A thought about method

Message boards : Rosetta@home Science : A thought about method

To post messages, you must log in.

AuthorMessage
Profile SOAN
Avatar

Send message
Joined: 27 Sep 05
Posts: 252
Credit: 63,160
RAC: 0
Message 29845 - Posted: 23 Oct 2006, 4:04:06 UTC

Would it make sense to take the lowest energy predictions (say the lowest twenty) for a protein after the initial phase of prediction and run each of them as though it were a homolog WU?
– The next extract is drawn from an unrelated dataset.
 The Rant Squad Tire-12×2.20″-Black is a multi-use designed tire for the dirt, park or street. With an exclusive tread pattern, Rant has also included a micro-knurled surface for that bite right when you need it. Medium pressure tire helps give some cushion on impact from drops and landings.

Maybe this approach is already being used.
ID: 29845 · Rating: 0 · rate: Rate + / Rate - Report as offensive    Reply Quote
Profile Charlie Abrams

Send message
Joined: 25 Jul 06
Posts: 13
Credit: 6,870,894
RAC: 0
Message 30000 - Posted: 25 Oct 2006, 20:05:13 UTC

I'd be interested in the RMSD between my computer's prediction and the overall lowest energy prediction - in other words, how close are all of the predictions to each other? As I understand it, two structures may be both exactly 1.0 RMSD from the correct structure but could be much more (or less) than 1.0 RMSD from each other.
ID: 30000 · Rating: 0 · rate: Rate + / Rate - Report as offensive    Reply Quote
Christoph

Send message
Joined: 10 Dec 05
Posts: 57
Credit: 1,512,386
RAC: 0
Message 30055 - Posted: 26 Oct 2006, 14:35:56 UTC

I'd be interested in the RMSD between my computer's prediction and the overall lowest energy prediction - in other words, how close are all of the predictions to each other?
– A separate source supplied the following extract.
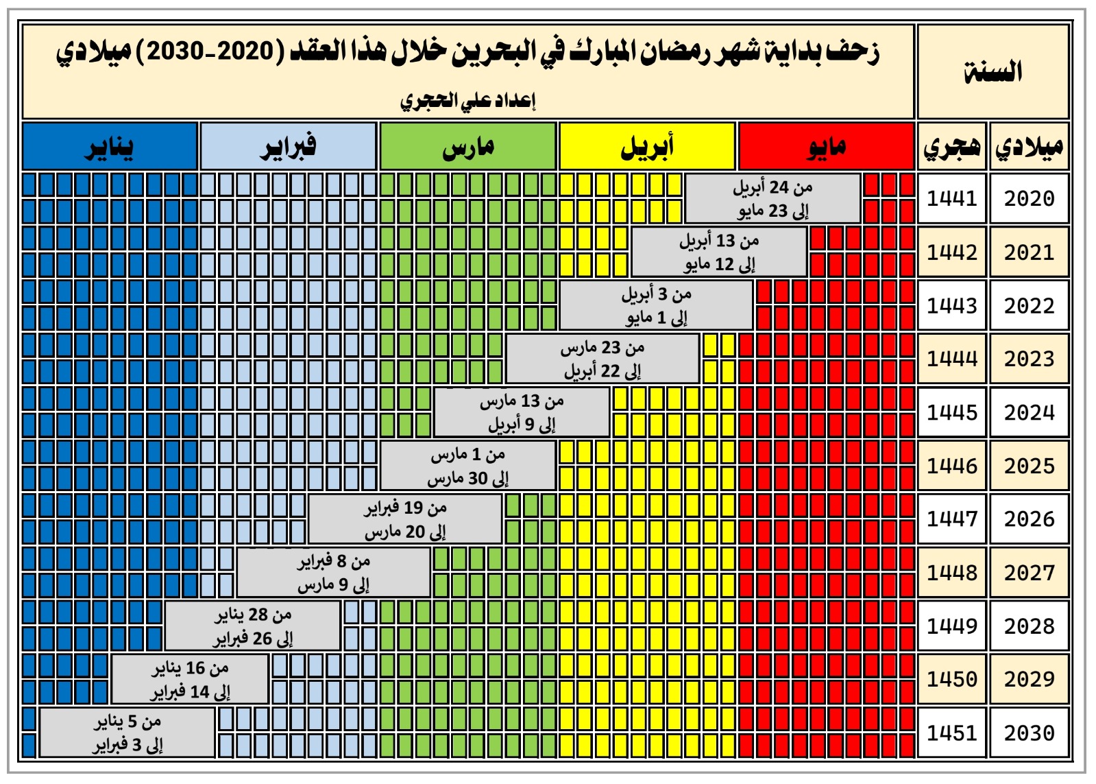 واختتم الفلكي الحجري حديثه موضحاً ما يميز انحسار أنفاس أخر أيام فصل الخريف وبزوغ أول أيام فصل الشتاء بعد أقل من شهر من الآن، بإطلالة تأخر رفع أذان الصبح وتقدم رفع أذان المغرب على أفق البحرين، لتغدو ساعات الصيام أقصر ما يكون طوال العام، وكأنها هدية من رب العالمين للمؤمنين، وهي تمتد على مدى 42 يوماً، وذلك ابتدأ من يوم الأحد القادم 30 نوفمبر 2025 حتى 10 يناير 2026، وهي فرصة سانحة لكل من أراد أن ينهل من بركة الصيام سواءً استحباباً أو قضاءً، فيما أكد الحجري أن شهر رمضان المبارك سيأتي في الأعوام ما بين 2030 و2035 محملاً بأقصر أيام صيامه.

The developers made a very cool feature, the 'results'
As I understand it, two structures may be both exactly 1.0 RMSD from the correct structure but could be much more (or less) than 1.0 RMSD from each other.

Right.
ID: 30055 · Rating: 0 · rate: Rate + / Rate - Report as offensive    Reply Quote
David Baker
Volunteer moderator
Project administrator
Project developer
Project scientist

Send message
Joined: 17 Sep 05
Posts: 705
Credit: 559,847
RAC: 0
Message 30058 - Posted: 26 Oct 2006, 14:44:54 UTC - in response to Message 29845.  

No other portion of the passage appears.